Data
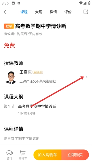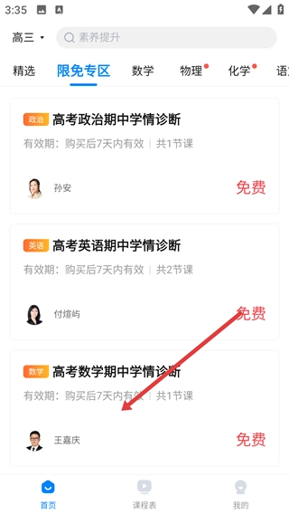 2、进入限免专区后,找到并点击【高考数学期中学情诊断】这门课程,即可进入该课程的详情页面。
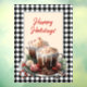 Stylish Holiday window cling for home or business features black and white buffalo plaid border with a duet of festive cocoa cups in watercolor illustration and customizable red "Happy Holidays" text
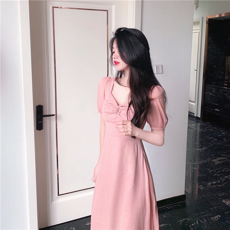 フレンチレトロティーブレイクドレス女性冷風ハイエンド気質ライトラグジュアリーレディースバブルスリーブスクエアカラードレス女性夏 サマー 夏物 スクウェア yingd13472897354
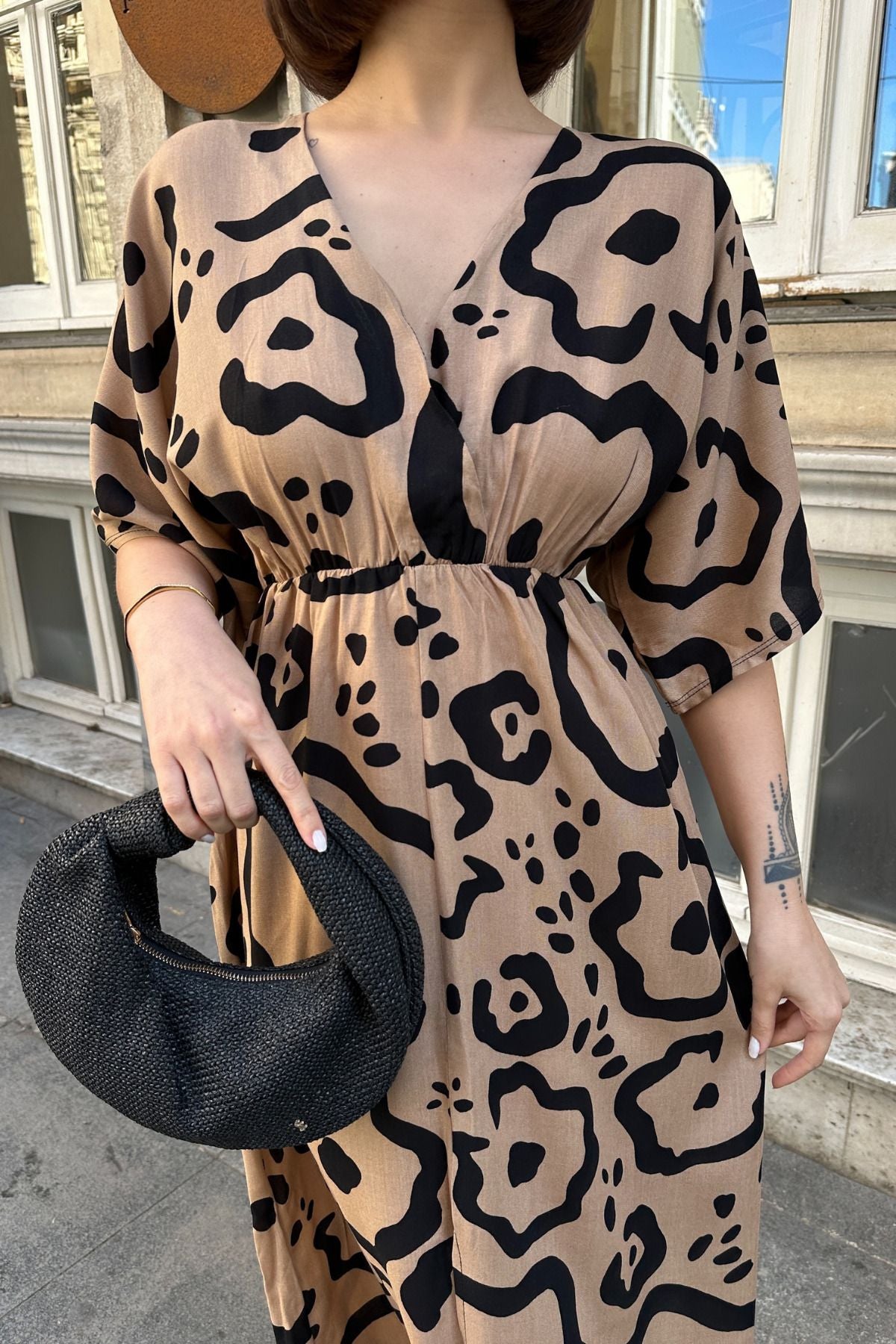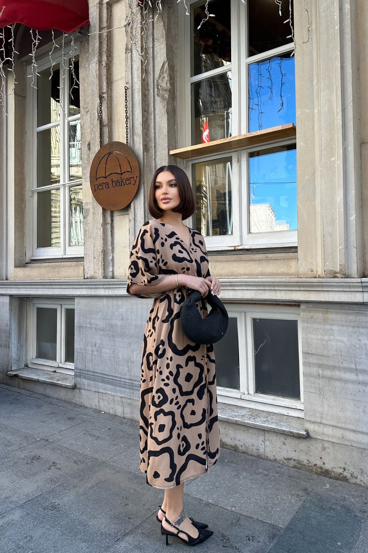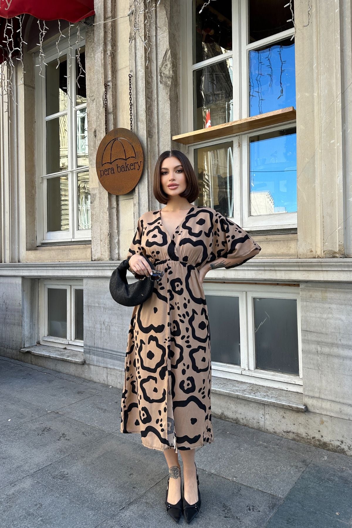 Yarasa Kol Beli Lastikli Önden Yırtmaçlı Midi Boy Kruvaze Yaka Desenli Yazlık Açık Kahve Elbise

Required action
Your output should be only the lines from the line with "夏物 スクウェア yingd13472897354" through the end of the data, exactly as they stand, and no pictures.

Solution to this exercise
 フレンチレトロティーブレイクドレス女性冷風ハイエンド気質ライトラグジュアリーレディースバブルスリーブスクエアカラードレス女性夏 サマー 夏物 スクウェア yingd13472897354
 Yarasa Kol Beli Lastikli Önden Yırtmaçlı Midi Boy Kruvaze Yaka Desenli Yazlık Açık Kahve Elbise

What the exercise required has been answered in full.